Nicolae Manolescu (/ro/; 27 November 1939 – 23 March 2024) was a Romanian literary critic. Elected a corresponding member of the Romanian Academy in 1997, he was upgraded to titular member in 2013.

==Life and career==
Manolescu was born in Râmnicu Vâlcea, the son of Petru Apolzan, a philosophy teacher, and his wife Sabina Apolzan (née Manolescu), a French teacher. After attending high schools in his hometown and in Sibiu, he studied philology at the University of Bucharest from 1956 to 1962, with an interruption in 1958-1959, when he was expelled from the university, due to critical opinions voiced against Gheorghe Gheorghiu Dej and the Romanian Communist regime.
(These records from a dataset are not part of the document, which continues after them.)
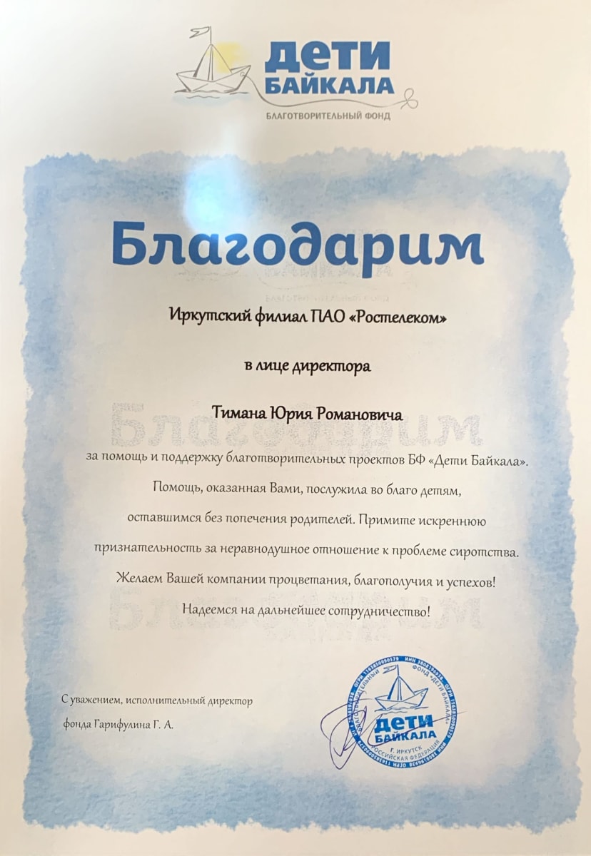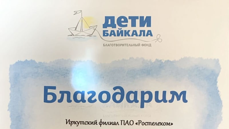 «Ростелеком» получил благодарность руководства благотворительного фонда «Дети Байкала» за поддержку и неравнодушное отношение к проблеме сиротства. Компания систематически оказывает материальную помощь на создание видеоанкет для детей-сирот.
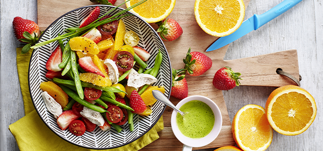 Sciacqua i fagiolini e cuocili in acqua bollente per 6-8 minuti. Una volta scolati, raffreddali con acqua corrente. Lava e taglia a metà i pomodorini, sbuccia le arance e dividile a spicchi. Ricordati di rimuovere le pellicine bianche, per evitare che diano un sapore amaro al piatto. Lava le fragole e tagliale in quattro parti.
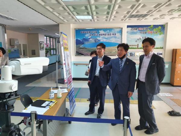 표병호 위원장은 열화상 카메라 설치, 교실 책상 재배치, 식당 칸막이 설치, 마스크 비축 등 방역 준비 상황을 살피고, 등교개학에 대비한 학교자체 코로나 예방대책을 청취하였다.
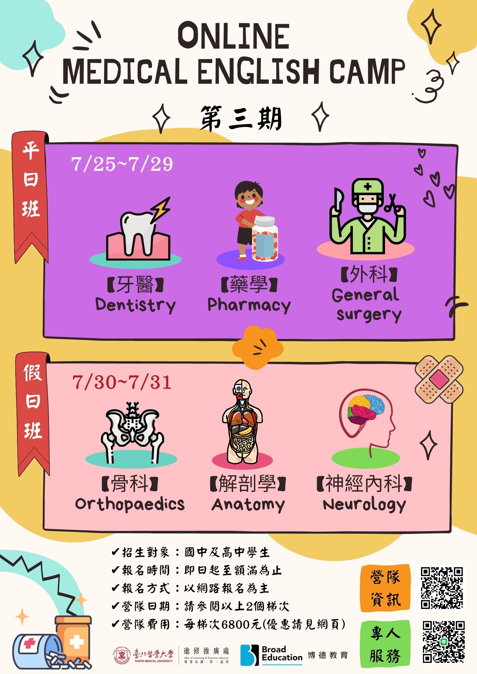 二、營隊將於 111 年 7 月 25 日至 111 年 7 月 31 日期間辦理「線上英文醫學營第 3 期」,總共預定辦理 2 個梯次的營隊,分別為第 1 梯平日班 7/25~7/29 、第 2 梯假日班 7/30~7/31 ,歡迎共襄盛舉。

After the Romanian Revolution of 1989, he was a founding member of the Civic Alliance (AC) in November 1990, and, after July 1991, began a political career as leader of the minor Civic Alliance Party (PAC), a group that had split from the Alliance to pursue a more political activism, being its candidate for presidency in the 1992 elections; Manolescu subsequently represented the party in the Senate. In 1993 Nicolae Manolescu was a leader of a short lived PNL, a Romanian political party which in 1998 had merged with the National Liberal Party (PNL). Prior to its merger, Manolescu was its leader during the 1996 Romanian general election; as the party's presidential candidate, he finished ninth with 0.7% of the vote. Until 2000, he was a member of the PNL National Council, when he resigned from this position and retreated from political life.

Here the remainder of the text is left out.